Sv39 provides 39-bit virtual addresses with a 512 GB address space, using three-level page tables. Each level has 512 entries indexed by 9-bit VPN fields. Page Table Entries (PTEs) are 64 bits, containing a 44-bit physical page number and 8 flag bits (V, R, W, X, U, G, A, D). Leaf PTEs at level 0 map 4 KB pages. Leaf PTEs at higher levels create superpages: 2 MB at level 1, 1 GB at level 2.
Sv48 extends this to 48-bit virtual addresses with a 256 TB address space, using four-level page tables. The additional level provides more address space at the cost of one extra memory access per translation. Sv48 is needed for large databases, scientific computing, and systems requiring very large address spaces.
The Translation Lookaside Buffer (TLB) caches recent address translations, avoiding expensive page table walks. TLB entries are tagged with ASID to distinguish different address spaces. The SFENCE.VMA instruction flushes TLB entries, with optional parameters to flush specific virtual addresses or ASIDs. Efficient TLB management is critical for performance—unnecessary flushes cause expensive page table walks.
Page faults occur when the hardware cannot complete a translation: invalid PTEs (V=0), permission violations (accessing a page without R/W/X permission), or privilege violations (U-mode accessing a non-U page). The OS page fault handler can implement demand paging (allocate and load pages on first access), copy-on-write (share pages until written), and memory-mapped files (map file contents into address space).

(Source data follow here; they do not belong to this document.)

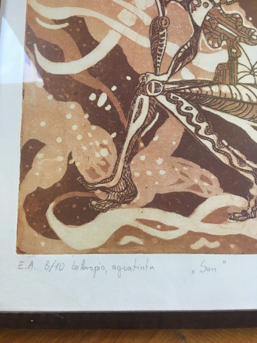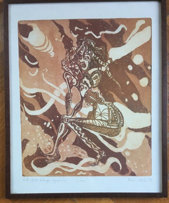 Bakopis iz 1991.g. hrvatske akademske slikarice i profesorice likovne kulture Stelle Perić. Mala serija od samo 10 primjeraka. Tiskano na kvalitetnom Fabriano papiru te galerijski uramljeno i ostakljeno. Dimenzije s okvirom su 39x32cm.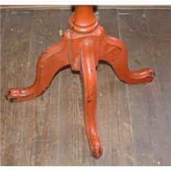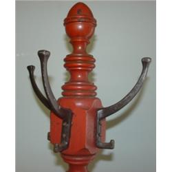 PRIMITIVE OVERPAINTED CLOTHES TREE. Has been overpainted with reddish-orange paint. 70" H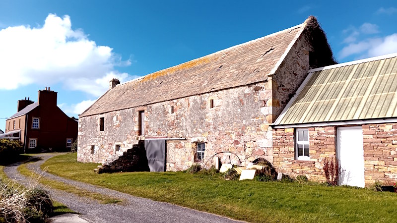 The Old School House – Kiln Barn, Barswick, South Ronaldsay. Historic Environment Scotland Category C Listed Building. It is described as being built in the 19th century with a central single-storey threshing barn flanked by a rectangular kiln and byre. With pitched roofs, the barn roofing is now corrugated roofing, but flagstones remain on the kiln and byre. The kiln is described by Historic Environment Scotland as ‘an important survival from early Orkney farming practices. Kilns were used to dry corn before grinding and also for drying malt for making ale’. Click to read more. [See also, trove.scot].

Physical Memory Protection (PMP) provides memory protection without virtual memory, essential for embedded systems and M-mode firmware. PMP uses CSRs (pmpcfg0-15, pmpaddr0-63) to define up to 64 memory regions with access permissions (R, W, X) and address matching modes (OFF, TOR, NA4, NAPOT). PMP checks occur in parallel with virtual memory translation, protecting against both user programs and S-mode OS bugs.
Compared to ARM’s translation system, RISC-V’s is simpler and more regular. ARM uses complex descriptor formats with multiple page sizes and attributes. RISC-V uses a single PTE format with clean flag bits. ARM’s ASID is 16 bits; RISC-V’s is 16 bits in Sv39 and 9 bits in Sv48. Both support superpages, but RISC-V’s approach is more uniform—any level can be a leaf.
RISC-V’s virtual memory design reflects its philosophy: provide a clean, minimal mechanism that’s easy to implement and understand, while supporting the features needed for modern operating systems. The result is a system that’s simpler than ARM’s but equally capable for most applications.